Straßenbauverwaltung

    Bundesfernstraßengesellschaft und Grundgesetzänderung - Bislang …

    Bundesfernstraßengesellschaft und Grundgesetzänderung - Bislang keine (Vor)entscheidung

    Seit Anfang Juni 2016 gab es ein lebhaftes Medieninteresse am Thema Bundesfernstraßengesellschaft. Immer wieder wurde darauf hingewiesen, dass eine Bundesfernstraßengesellschaft ein erster Schritt zur Privatisierung der Verkehrsinfrastruktur Straße ist.

    Grundgesetzänderung
    Die immer wieder erwähnte und für ein solches Vorhaben erforderliche Grundgesetzänderung wurde hinter geschlossenen Türen ausgearbeitet und ist bis heute nicht dem Bundestag als Entscheidungsgremium vorgelegt worden.

    Gutachten
    Bislang vorliegende Gutachten von Verfassungsrechtlern bestätigten unsere Auffassung. Danach würde die Einrichtung einer solchen Bundesfernstraßen- oder Autobahngesellschaft mit dem Ziel, weitere Gelder einzuwerben bzw. attraktive Anlagemöglichkeit für Banken und Versicherungen zu bieten, gegen die Schuldenregelungen verstoßen. So etwas sei nur möglich bei der Privatisierung einer solchen Gesellschaft. Das würde bedeuten: die Bundesfernstraßengesellschaft müsste privatisiert werden.

    Keine Entscheidungen, vorerst
    Nun hat der Bundestag in der vergangenen Woche das letzte Mal vor der Sommerpause getagt. Vorgelegt zur Entscheidung über eine Bundesfernstraßengesellschaft bzw.

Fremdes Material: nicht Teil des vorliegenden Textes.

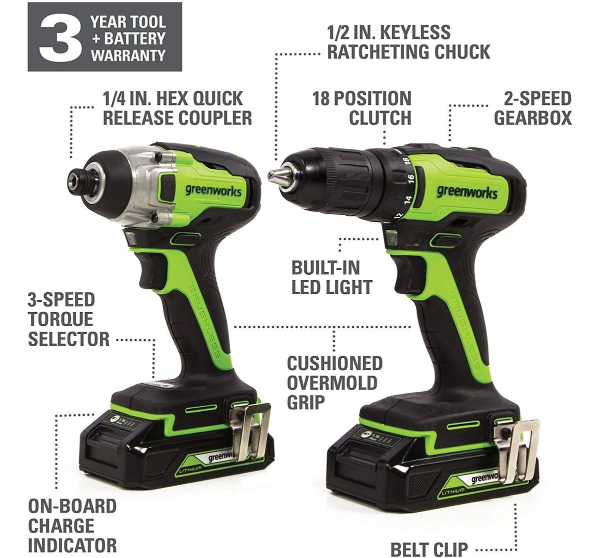batería Greenworks 24V de iones de litio proporciona el 20% más de potencia y un 35% más de tiempo de ejecución, y entrega energía libre de desvanecimiento sin pérdida de la memoria después de la carga; Altamente eficiente motor sin escobillas ofrece más par motor, un funcionamiento silencioso y una vida más larga; Incluye 24V medio de escobillas taladro / atornillador, 1/4 Conductor sin cepillo de impacto, (2) baterías, cargador y bolsa..; Taladro / destornillador:. 1/2 en el mandril de trinquete sin llave, caja de cambios de 2 velocidades (0-380, 0-450 RPM), 310-in-lbs. de par motor, 18 de posición de embrague; Atornillador de impacto:. 1/4 en hex acoplador de liberación rápida, control electrónico de velocidad variable (3 velocidad), (0-380, 0-450 RPM) y 2666-in-lbs. del par de torsión; Conveniente luz incorporada LED para trabajar en espacios mal iluminados; Acolchado agarre overmold para mayor comodidad y un control superior; clip para el cinturón incluido le permite liberar sus manos mientras que completan otras tareas a la mano; puerto USB en la batería carga todos los dispositivos electrónicos portátiles, como teléfonos y tabletas. Estación de corriente USB portátil de la batería (9000 mAh Banco de alimentación) Tamaño: 2 x 1.5Ah pilas incluidas | Estilo: Taladro / conductor atornillador de impacto

Grundgesetzänderung wurde – NICHTS.

    Bei den letzten beiden Treffen der Ministerpräsidenten der Länder mit der Bundesregierung wurde vieles besprochen, es gab auch einige Einigungen, aber bezüglich der Bundesfernstraßengesellschaft oder Grundgesetzänderung gab es – NICHTS. Die Ministerpräsidenten der Länder treffen sich mit der Bundesregierung ein weiteres Mal, vorauss. 21./22. Juli 2016 um eine Einigung über den Länderfinanzausgleich zu erzielen.

    Was ist zu tun?
    Über die Plattform gegen eine Bundesfernstraßengesellschaft wurden die Ministerpräsidenten erneut angeschrieben mit der deutlichen Bitte, keine Vorfestlegung zu beschließen, keinen Deal einzugehen.

    In den einzelnen Landesbezirksfachbereichen gab es wiederholte Gespräche und Schriftwechsel mit den Landesregierungen. Bislang stehen die Länder nach wie vor zu ihrem Kompromissvorschlag nach dem Erhalt der Auftragsverwaltung und einer Reform der Straßenbauverwaltungen der Länder.

    Noch ist nichts entschieden! Es gilt weiterhin Gespräche mit den entscheidenden Politikern und Abgeordneten zu führen. Ihnen muss immer wieder deutlich gemacht werden, was eine Zerschlagung der Auftragsverwaltungen bedeutet. Was es für die Beschäftigten heißt, wenn eine Bundesfernstraßengesellschaft gebildet wird. Bitte informiert die Beschäftigten in euren Straßenbauverwaltungen über den Stand der Dinge. Entwarnung können wir noch nicht geben.